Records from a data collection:
##############################

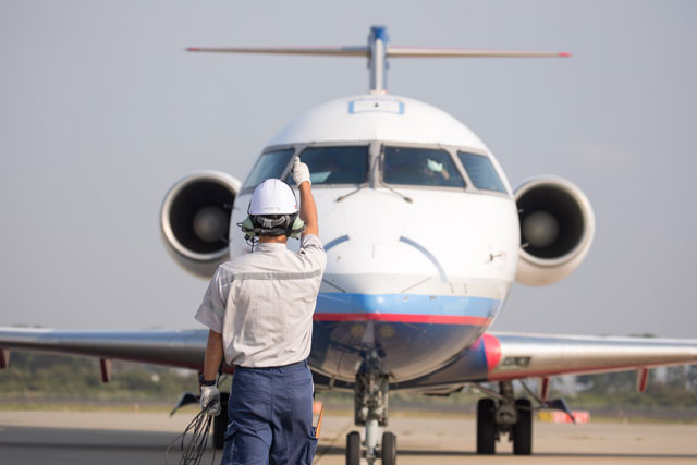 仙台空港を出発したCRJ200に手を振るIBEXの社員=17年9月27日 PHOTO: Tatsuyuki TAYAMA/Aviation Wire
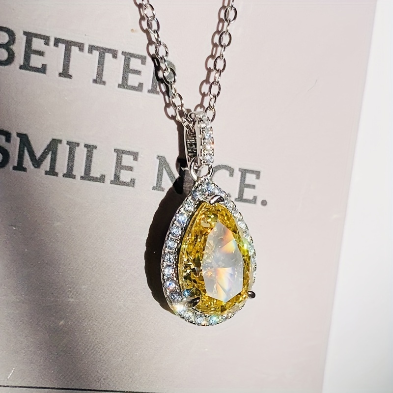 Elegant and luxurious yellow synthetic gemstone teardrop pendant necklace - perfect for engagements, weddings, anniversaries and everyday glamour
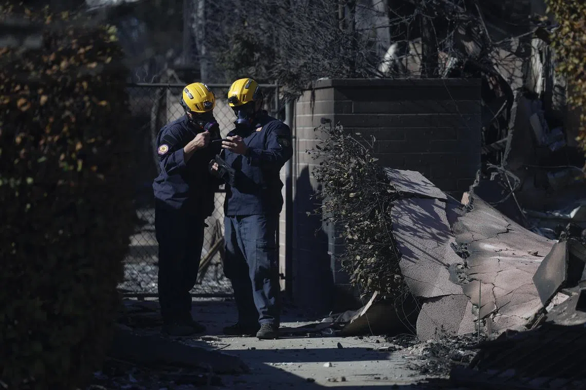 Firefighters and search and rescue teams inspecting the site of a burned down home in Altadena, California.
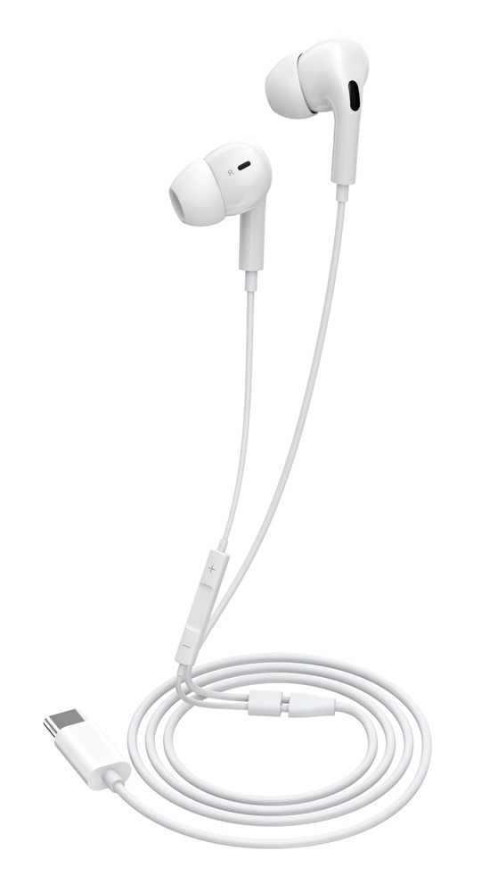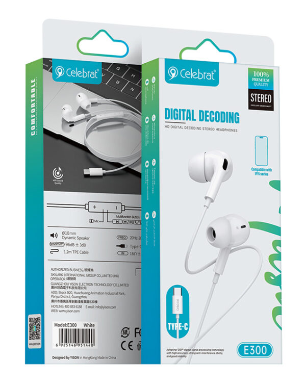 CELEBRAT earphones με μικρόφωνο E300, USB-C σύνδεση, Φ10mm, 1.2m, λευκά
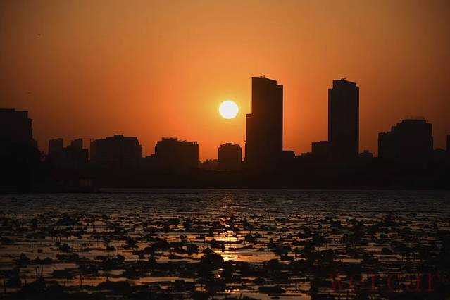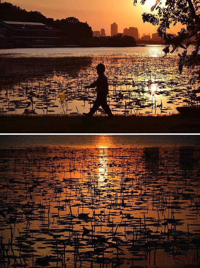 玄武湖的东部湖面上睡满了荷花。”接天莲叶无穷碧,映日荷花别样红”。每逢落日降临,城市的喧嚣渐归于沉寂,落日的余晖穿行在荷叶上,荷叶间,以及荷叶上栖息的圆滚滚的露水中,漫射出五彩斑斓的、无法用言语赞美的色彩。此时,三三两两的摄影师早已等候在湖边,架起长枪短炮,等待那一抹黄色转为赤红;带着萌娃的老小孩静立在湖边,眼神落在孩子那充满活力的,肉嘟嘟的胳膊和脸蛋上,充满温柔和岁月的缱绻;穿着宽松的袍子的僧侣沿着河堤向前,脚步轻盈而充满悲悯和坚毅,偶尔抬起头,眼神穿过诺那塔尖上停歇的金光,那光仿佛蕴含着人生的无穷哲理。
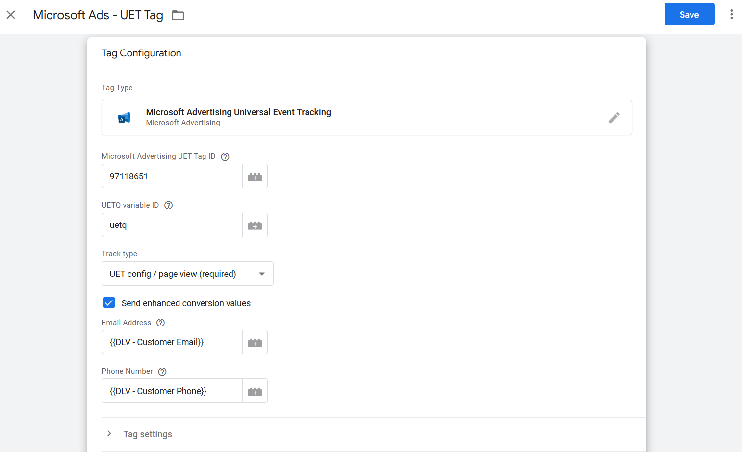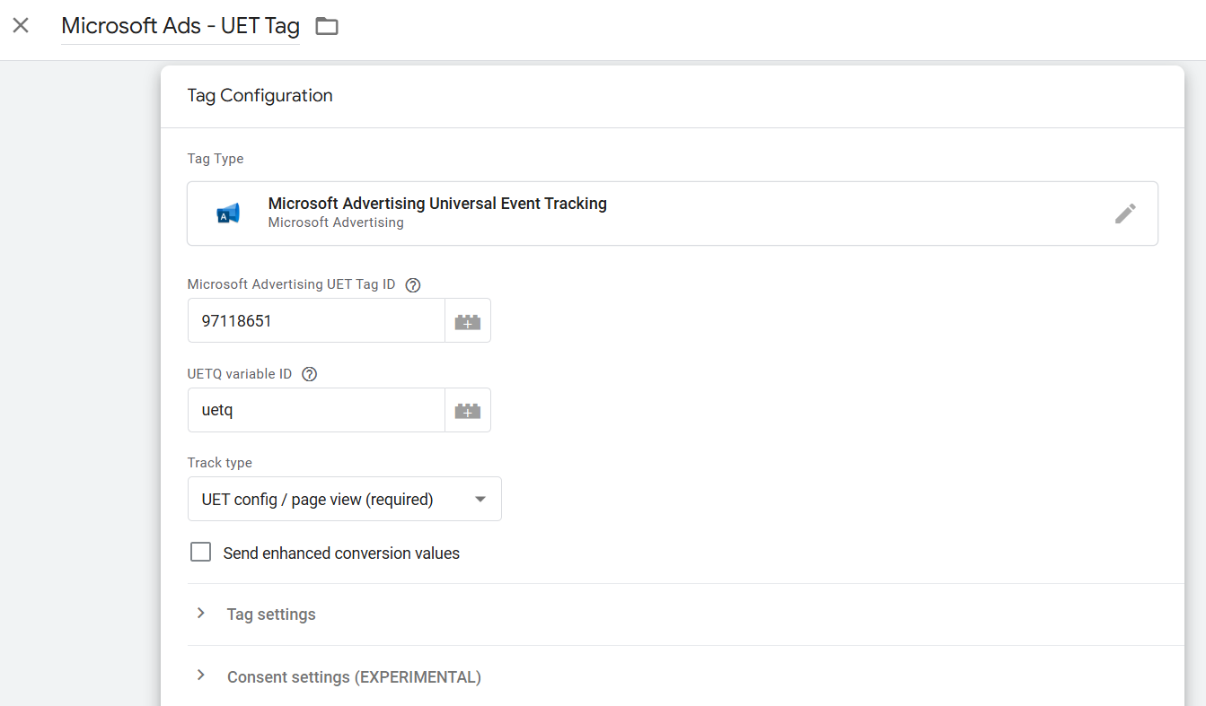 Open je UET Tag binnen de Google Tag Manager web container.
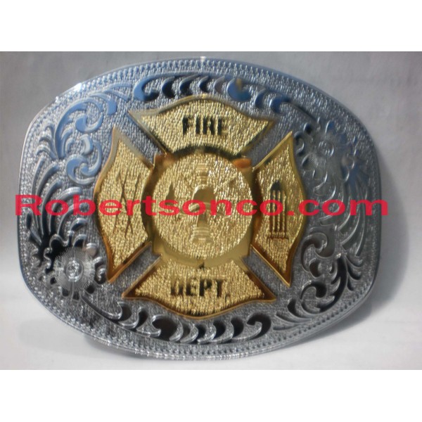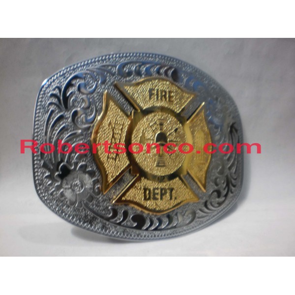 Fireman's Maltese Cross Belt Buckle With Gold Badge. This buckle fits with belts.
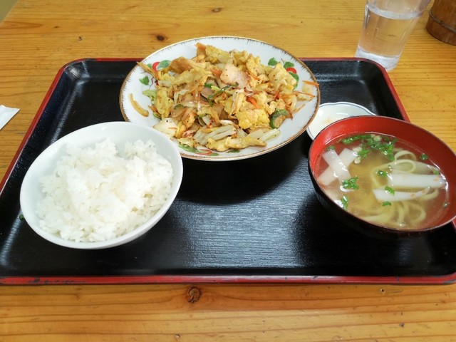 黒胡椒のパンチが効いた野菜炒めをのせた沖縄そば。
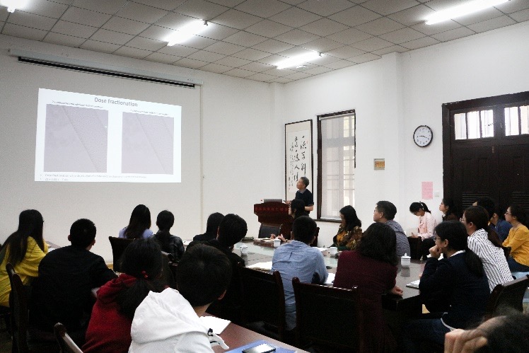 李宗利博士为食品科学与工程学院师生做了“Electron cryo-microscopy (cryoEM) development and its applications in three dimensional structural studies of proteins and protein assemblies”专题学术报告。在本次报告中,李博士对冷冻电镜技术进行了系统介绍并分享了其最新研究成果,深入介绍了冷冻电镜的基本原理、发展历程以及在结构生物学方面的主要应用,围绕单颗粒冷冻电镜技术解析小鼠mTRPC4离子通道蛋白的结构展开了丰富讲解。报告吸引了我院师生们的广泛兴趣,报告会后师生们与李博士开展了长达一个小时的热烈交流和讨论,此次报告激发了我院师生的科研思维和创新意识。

##############################

- _Task statement_
From the line containing "Fireman's Maltese Cross" down to the end of the data above, reproduce each line exactly; no pictures.

- _Written response_
 Fireman's Maltese Cross Belt Buckle With Gold Badge. This buckle fits with belts.
 黒胡椒のパンチが効いた野菜炒めをのせた沖縄そば。
 李宗利博士为食品科学与工程学院师生做了“Electron cryo-microscopy (cryoEM) development and its applications in three dimensional structural studies of proteins and protein assemblies”专题学术报告。在本次报告中,李博士对冷冻电镜技术进行了系统介绍并分享了其最新研究成果,深入介绍了冷冻电镜的基本原理、发展历程以及在结构生物学方面的主要应用,围绕单颗粒冷冻电镜技术解析小鼠mTRPC4离子通道蛋白的结构展开了丰富讲解。报告吸引了我院师生们的广泛兴趣,报告会后师生们与李博士开展了长达一个小时的热烈交流和讨论,此次报告激发了我院师生的科研思维和创新意识。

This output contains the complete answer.